Supplied material =
● ● ● ● ●

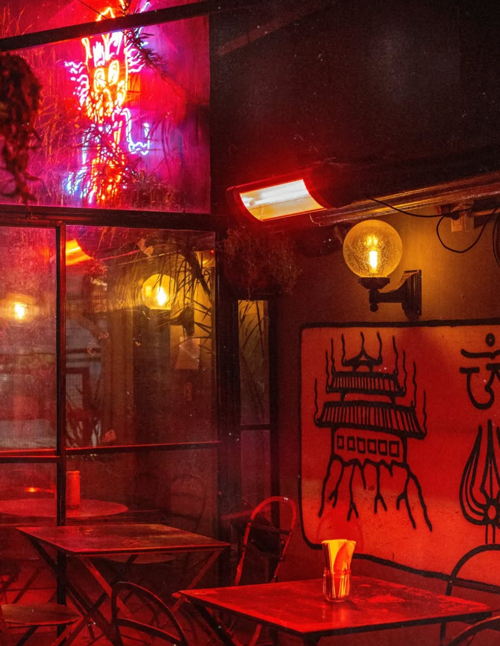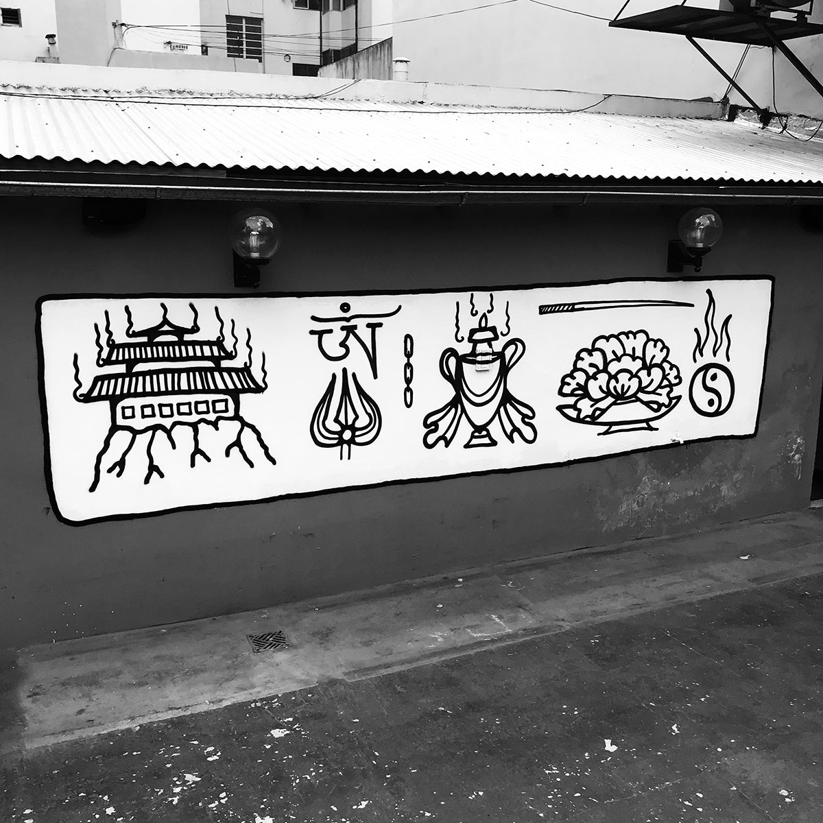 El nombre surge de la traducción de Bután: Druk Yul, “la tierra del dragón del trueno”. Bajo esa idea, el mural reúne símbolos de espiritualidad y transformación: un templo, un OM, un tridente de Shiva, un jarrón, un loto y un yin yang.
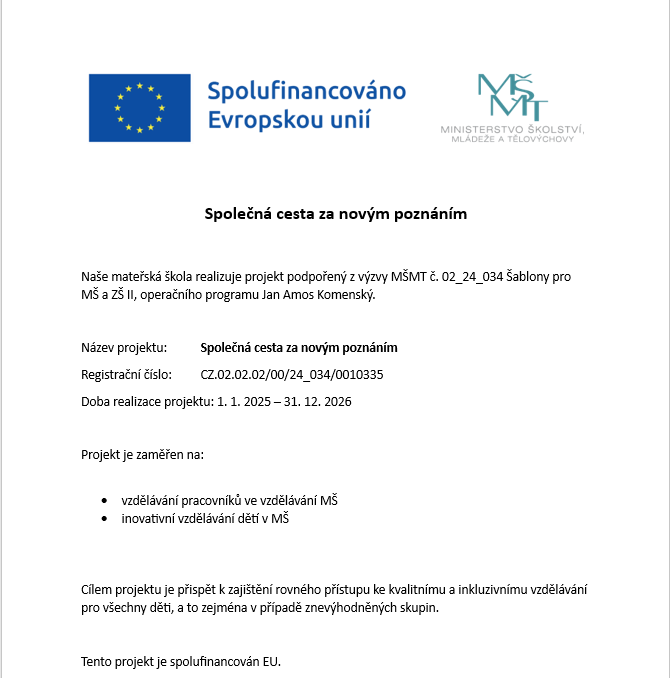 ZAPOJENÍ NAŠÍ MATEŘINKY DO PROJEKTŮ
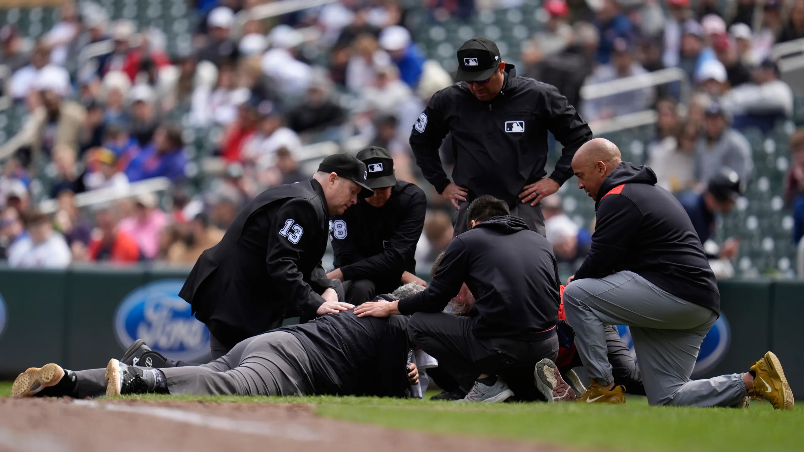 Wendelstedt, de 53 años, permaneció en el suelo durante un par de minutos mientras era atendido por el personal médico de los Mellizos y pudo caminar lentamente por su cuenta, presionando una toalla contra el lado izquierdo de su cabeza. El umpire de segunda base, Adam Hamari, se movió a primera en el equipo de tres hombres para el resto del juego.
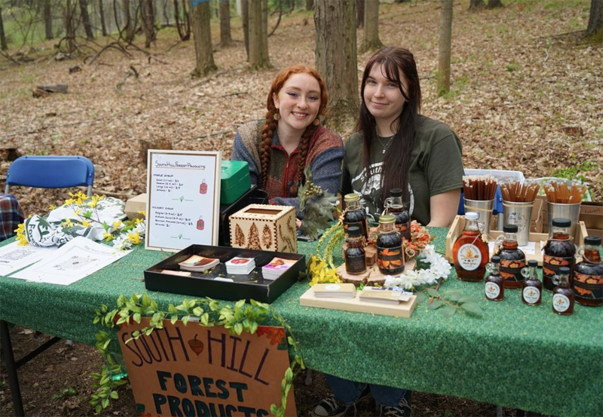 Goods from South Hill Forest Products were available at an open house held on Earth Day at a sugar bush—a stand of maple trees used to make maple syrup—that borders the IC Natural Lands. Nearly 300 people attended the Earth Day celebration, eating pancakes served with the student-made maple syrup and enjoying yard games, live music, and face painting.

● ● ● ● ●

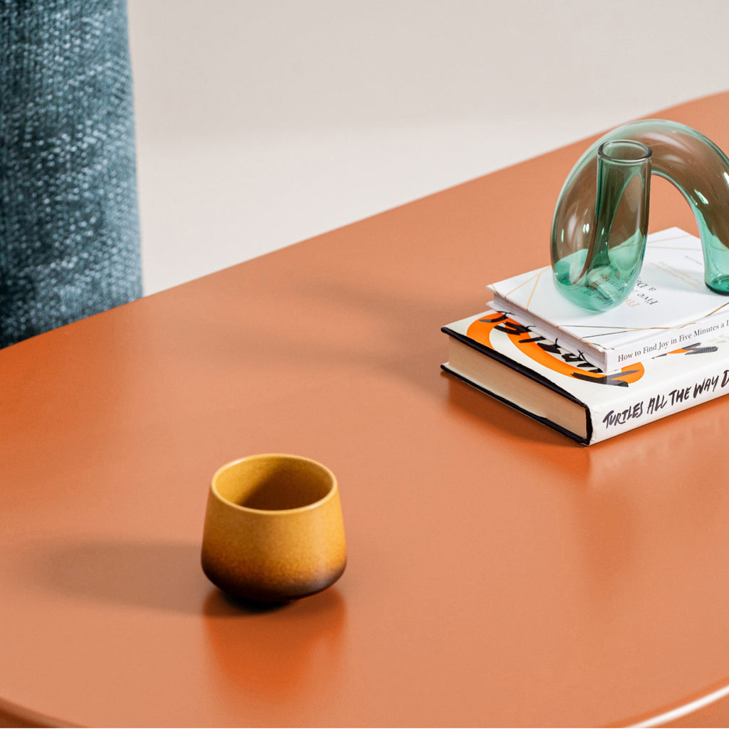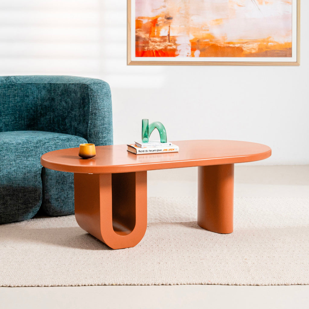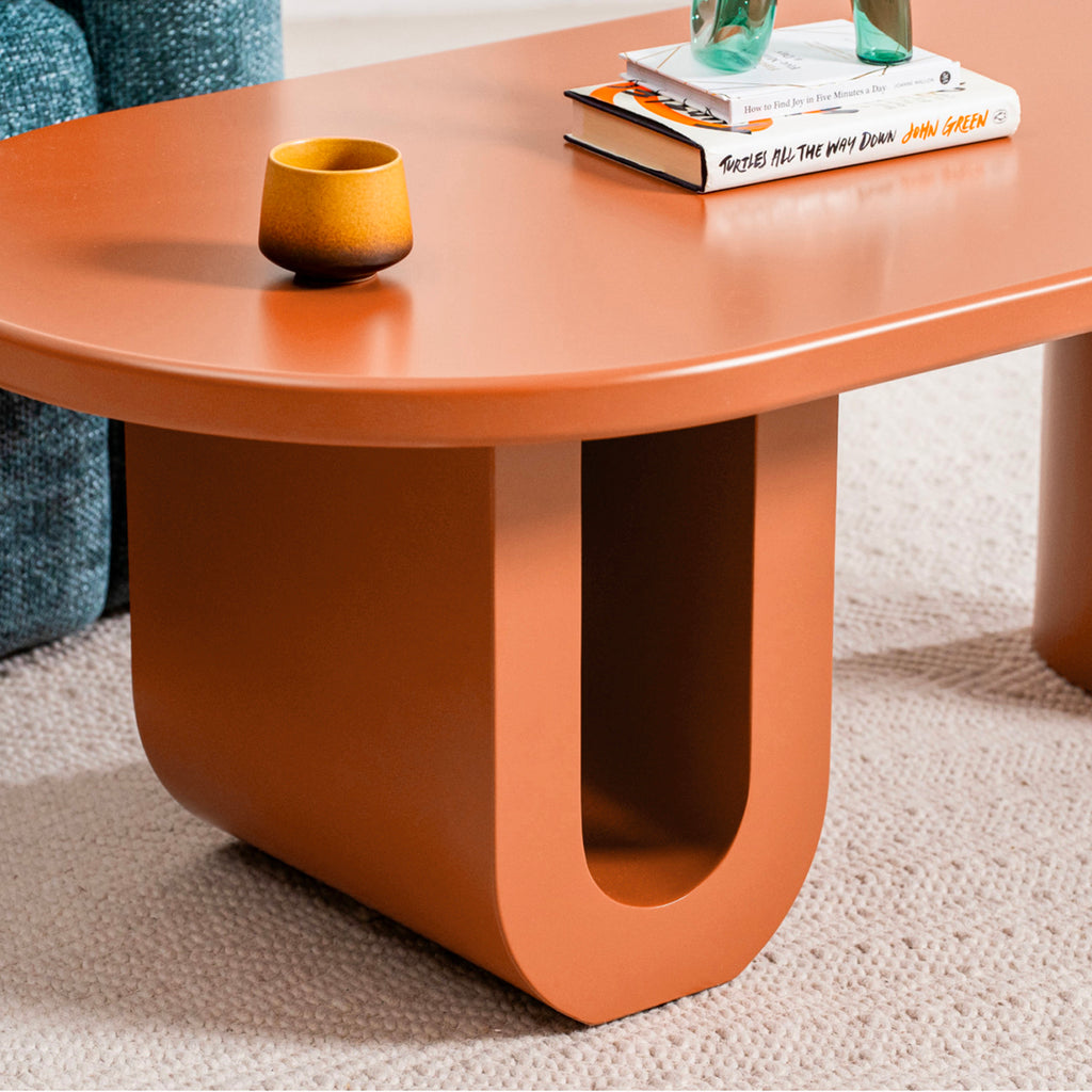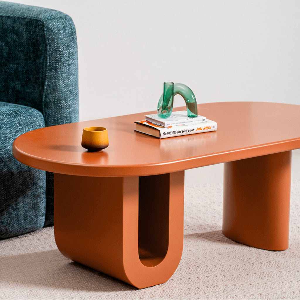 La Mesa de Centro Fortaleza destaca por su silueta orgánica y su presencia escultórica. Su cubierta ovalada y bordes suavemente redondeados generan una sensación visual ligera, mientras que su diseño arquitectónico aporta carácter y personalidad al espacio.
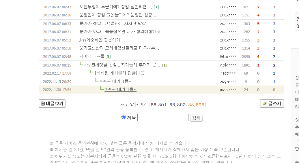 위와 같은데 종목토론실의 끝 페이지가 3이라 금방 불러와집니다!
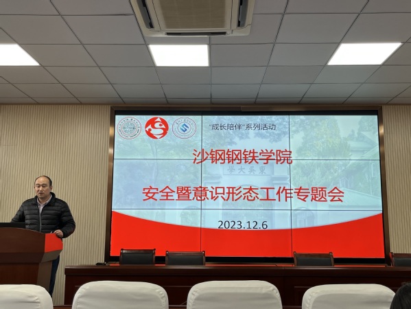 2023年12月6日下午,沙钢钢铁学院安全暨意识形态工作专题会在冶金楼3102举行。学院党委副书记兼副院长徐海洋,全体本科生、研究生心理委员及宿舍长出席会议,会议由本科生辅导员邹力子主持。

● ● ● ● ●

Task to complete =
Range to copy from the listing above: the line with "Wendelstedt, de 53" through the line with "Goods from South". Transcribe it exactly and skip the pictures.

Completed task =
 Wendelstedt, de 53 años, permaneció en el suelo durante un par de minutos mientras era atendido por el personal médico de los Mellizos y pudo caminar lentamente por su cuenta, presionando una toalla contra el lado izquierdo de su cabeza. El umpire de segunda base, Adam Hamari, se movió a primera en el equipo de tres hombres para el resto del juego.
 Goods from South Hill Forest Products were available at an open house held on Earth Day at a sugar bush—a stand of maple trees used to make maple syrup—that borders the IC Natural Lands. Nearly 300 people attended the Earth Day celebration, eating pancakes served with the student-made maple syrup and enjoying yard games, live music, and face painting.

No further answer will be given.